## Goal of the exercise
The full listing, exactly as written and with no images, is the expected output.

## Supplied information

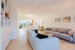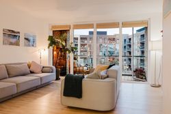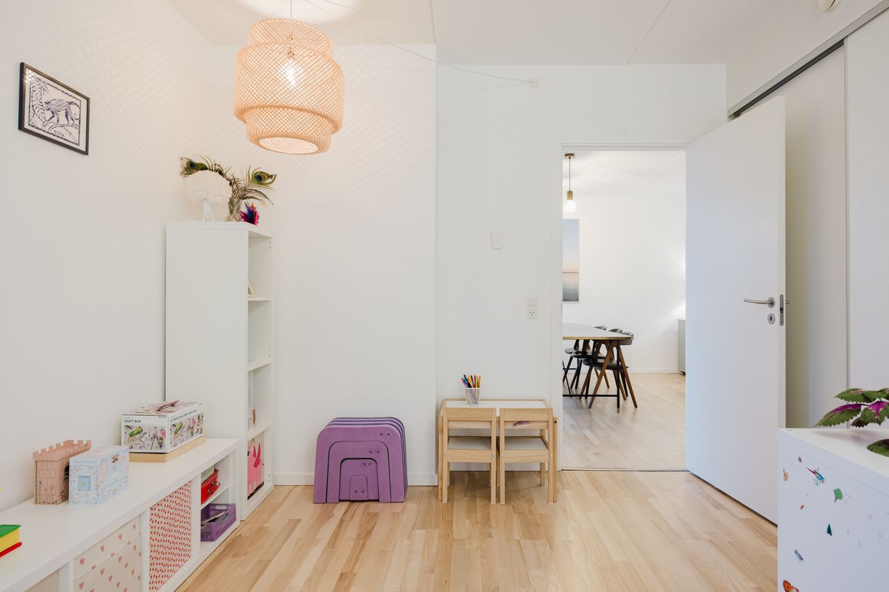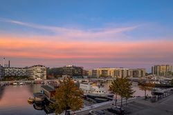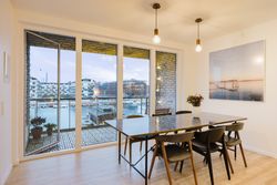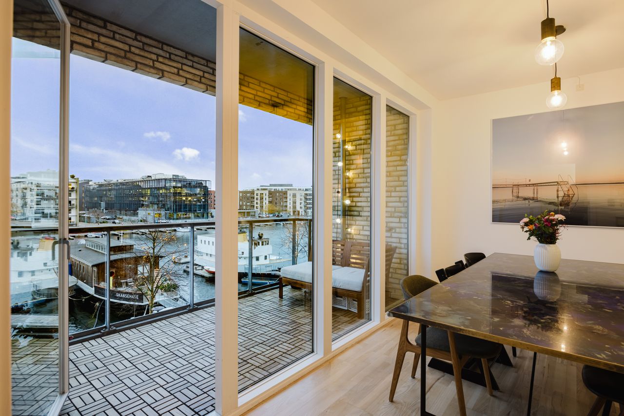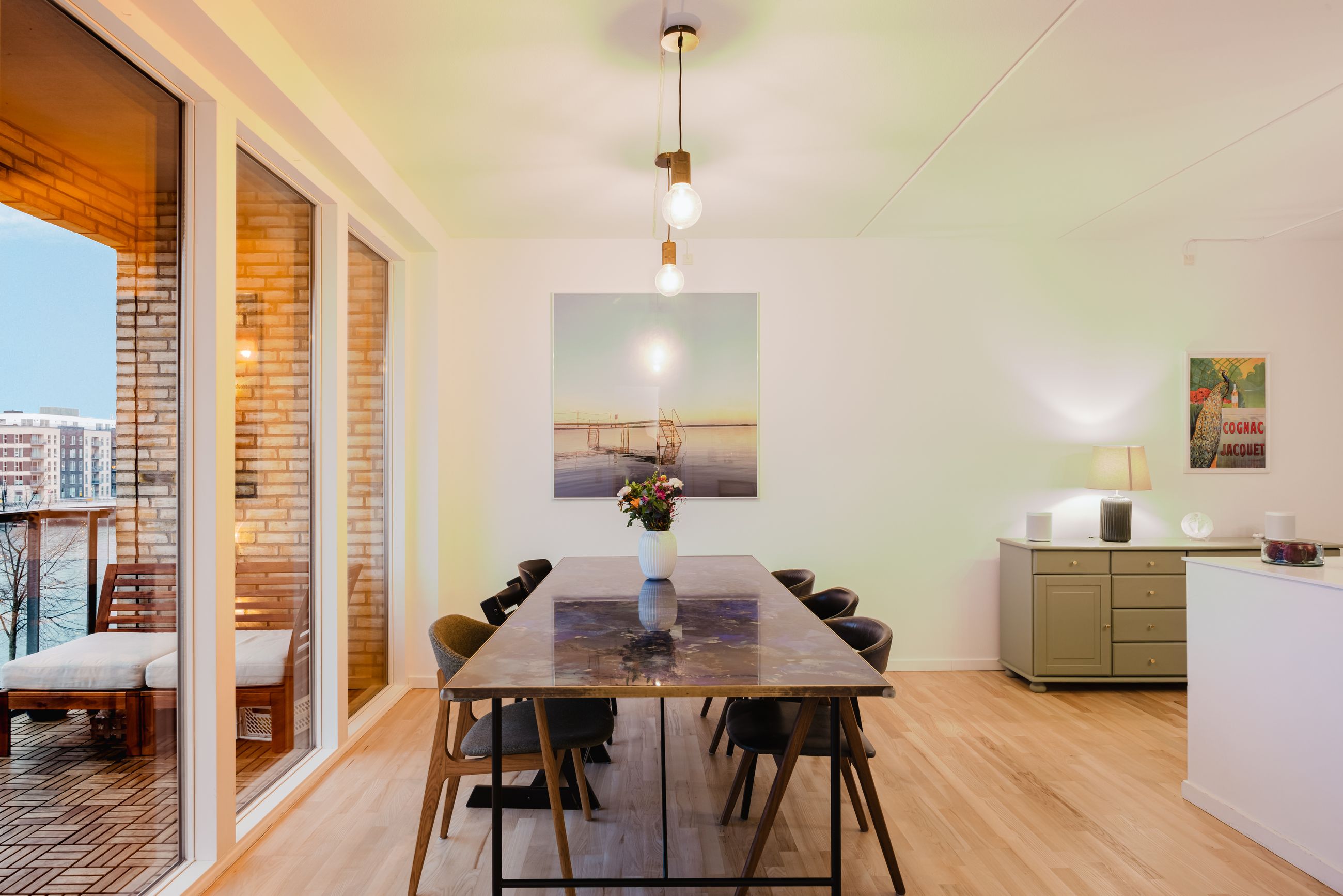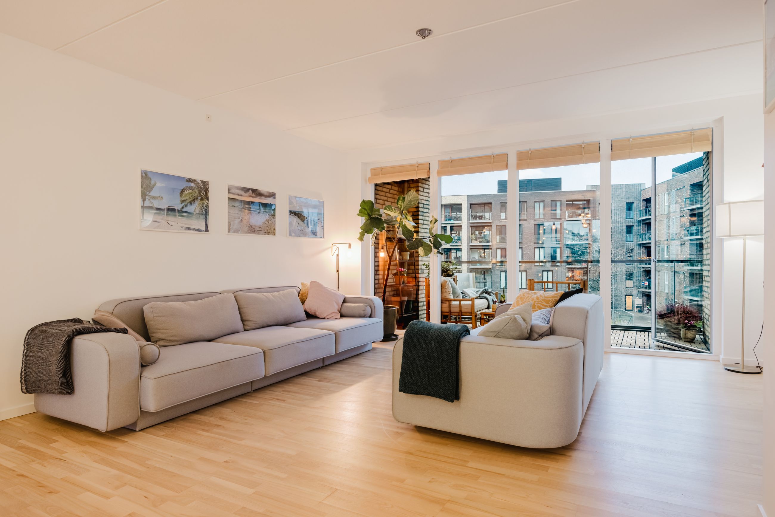 Velkommen til et lyst og velindrettet hjem på Dexter Gordons Vej, hvor vandet og udsigten bliver en naturlig del af hverdagen. Lejligheden ligger højt og frit med store vinduespartier mod kanalerne, og den gennemgående planløsning giver et behageligt flow fra entréen til opholdszonen. Allerede ved indgangen fornemmer du ro og rummelighed, her er garderobeplads, god opbevaring og et fint overblik til boligens rum.
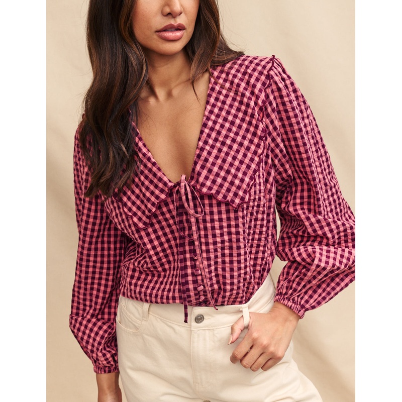 The Peter Pan collar is here to stay. This season the trend is back with a delicate scallop trim, string tie detailing and fabric covered buttons. Style yours with layers of gold jewellery.Drop collarLong balloon sleevesCovered buttons
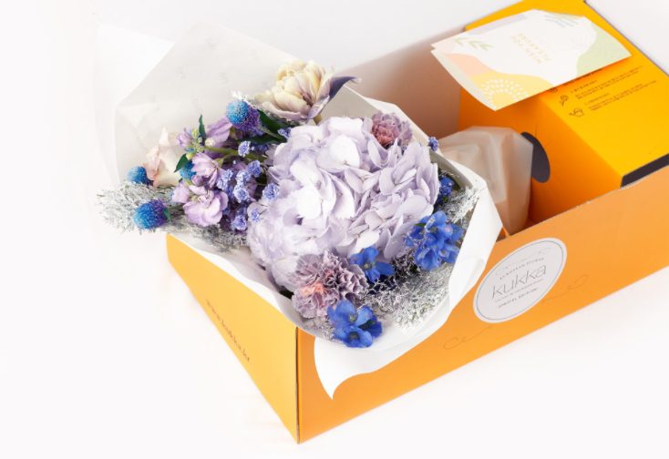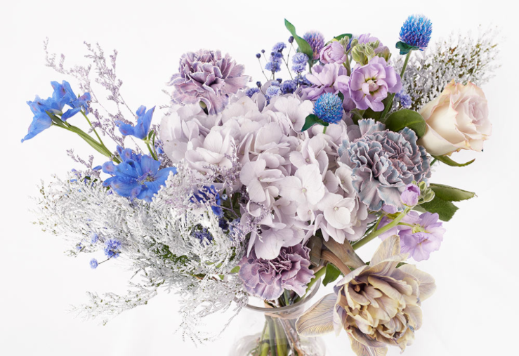 풍성한 화형의 라벤더 수국과 염색 겹튤립을 담아
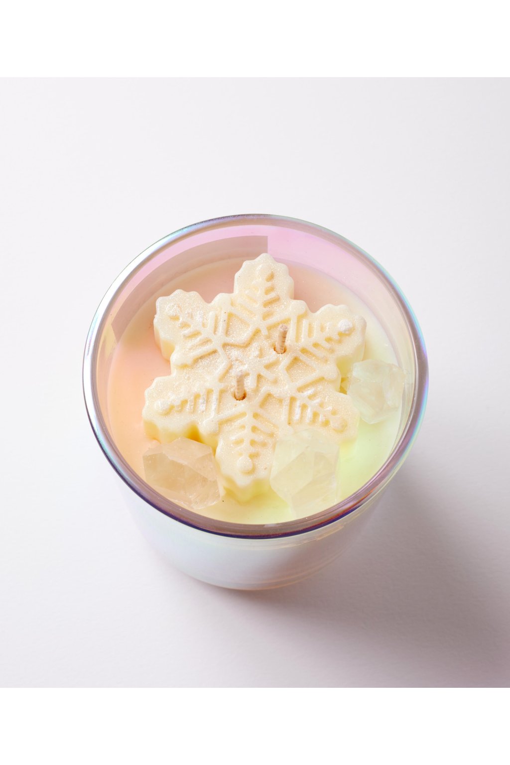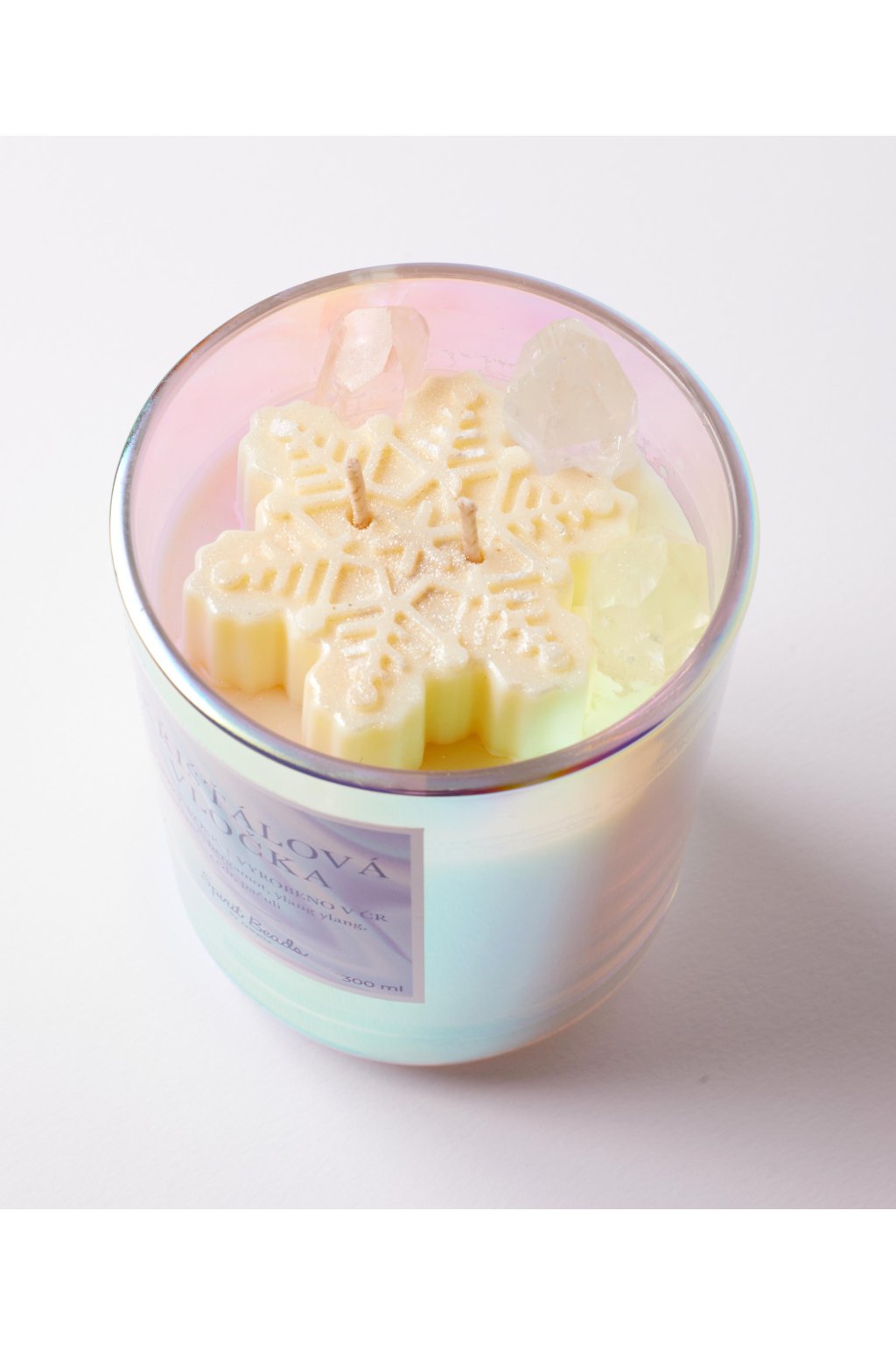 Svíčka je ukryta v nádherné duhové, lesklé sklenici, která se po vyhoření snadno promění v elegantní dekoraci pro váš interiér. Na vrcholu svíčky najdete velkou voskovou vločku s třpytivými stříbrnými detaily a kolem ní jsou ručně vytvořené křišťálové špice, které dodají svíčce jedinečný vzhled.

## Exercise solution
 Velkommen til et lyst og velindrettet hjem på Dexter Gordons Vej, hvor vandet og udsigten bliver en naturlig del af hverdagen. Lejligheden ligger højt og frit med store vinduespartier mod kanalerne, og den gennemgående planløsning giver et behageligt flow fra entréen til opholdszonen. Allerede ved indgangen fornemmer du ro og rummelighed, her er garderobeplads, god opbevaring og et fint overblik til boligens rum.
 The Peter Pan collar is here to stay. This season the trend is back with a delicate scallop trim, string tie detailing and fabric covered buttons. Style yours with layers of gold jewellery.Drop collarLong balloon sleevesCovered buttons
 풍성한 화형의 라벤더 수국과 염색 겹튤립을 담아
 Svíčka je ukryta v nádherné duhové, lesklé sklenici, která se po vyhoření snadno promění v elegantní dekoraci pro váš interiér. Na vrcholu svíčky najdete velkou voskovou vločku s třpytivými stříbrnými detaily a kolem ní jsou ručně vytvořené křišťálové špice, které dodají svíčce jedinečný vzhled.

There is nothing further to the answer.